Ce n’est pas déprécier les admirables photographies de Bertrand Carrière que de considérer les textes de Guth Des Prez et de John K. Grande comme leurs dignes compagnons de route. Dans sa recherche des sites marqués durablement par le conflit de 1914-1918, Carrière a trouvé en Des Prez un éclaireur renseigné et d’égale émotion. Quant à Grande, il assume à l’étape de l’éclairage historique un rôle tout aussi déterminant d’enrichissant complice. Le résultat ? Une merveille.

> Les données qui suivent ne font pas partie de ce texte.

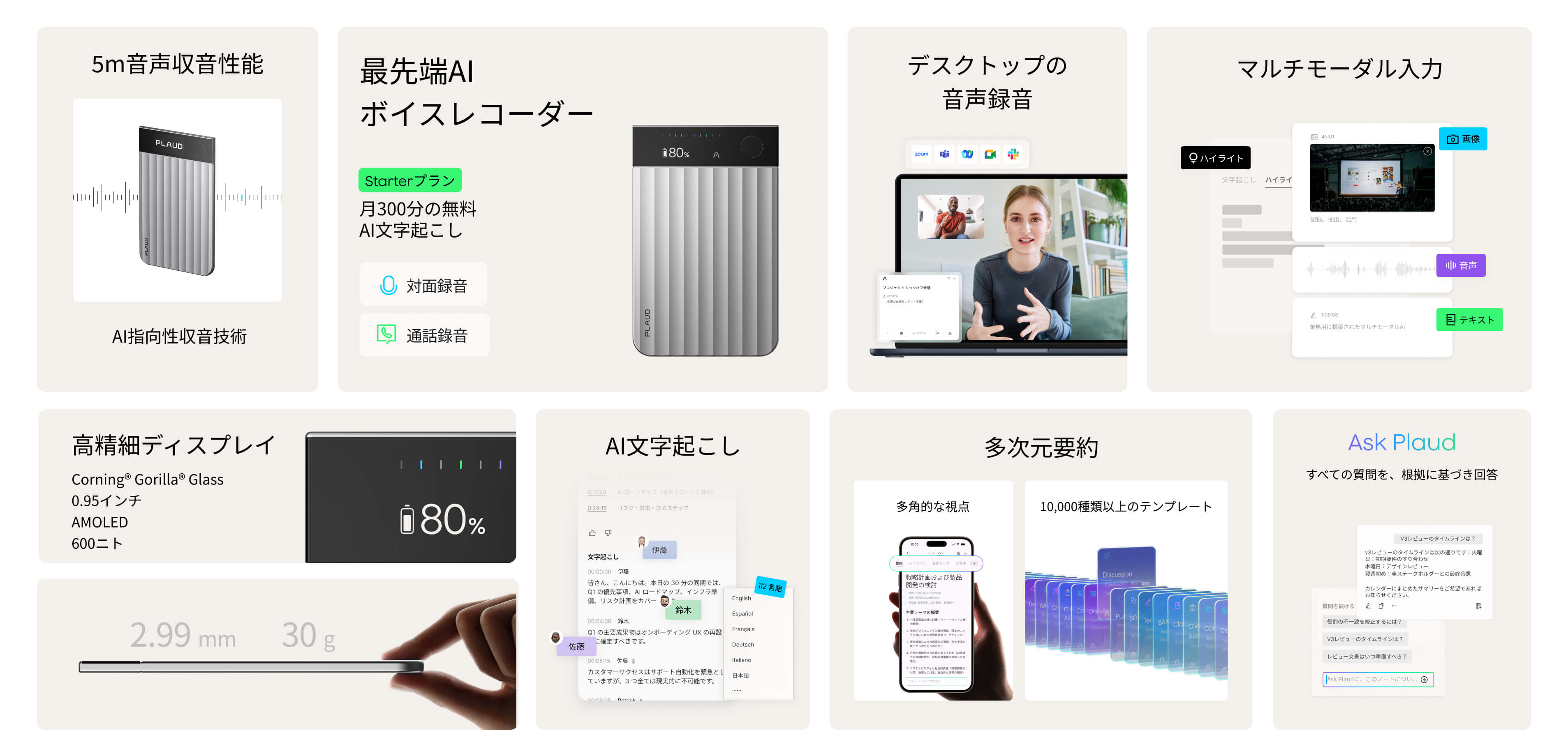 Plaudは、音声、タイプ入力したテキスト、画像、ハイライトから、情報を捉えます。先進的な大規模言語モデル(LLM)を搭載したPlaud Intelligenceがこれらを統合し、完全で整理された要約を作成します。これにより、ユーザー自身が最も重要と感じたことを汲み取った、常に明確かつ文脈に沿った要約を作成できます。

En un sens, les photographies sont laissées à elles-mêmes. Pas de bas de vignettes. Aucune présence humaine dans les clichés du versant moderne ; à peine quelques silhouettes anonymes dans ceux de la guerre elle-même. Les images montrent tout simplement les traces émouvantes que le passage des ans, à son gré, respecte ou enfouit. Ici, les ornières dont on ne sait si elles trahissent la menace d’un blindé ou la banalité d’un pacifique tracteur. Là, un arbre qui ne dit rien, mais qui se souvient de tout. Grande a donc raison d’imputer à l’appareil photo de Carrière une sensibilité d’ordre archéologique : tout lui est bon, arbre, ruines ou reconstruction, pour recréer et dénoncer l’horreur éternelle de la guerre. Il n’est plus utile, face aux cris silencieux de la nature, de jurer que ce sera « la der de der » ou de s’enquérir du nom du vainqueur : la guerre, à un siècle de distance, n’est toujours et à jamais que crime, haine, inhumanité.
Il est particulièrement frappant que la rencontre de trois convergentes sensibilités doive autant au hasard. Qu’un album contenant des photographies prises pendant la Grande Guerre tombe entre les mains d’un homme capable de l’apprécier, c’était déjà inespéré. Que ce hasard se double d’un contact également inopiné entre un photographe en mal d’informations et un conteur amplement pourvu des connaissances souhaitées, c’était ajouter à l’improbable. Et qu’un spécialiste de l’histoire de l’art aussi renseigné que l’est Grande puisse saisir au vol le mandat de donner son sens éternel au parallèle réussi par Carrière et Des Prez, c’était, une fois encore, parier sur le moins certain. Apprécions à sa valeur une aussi rare conjoncture.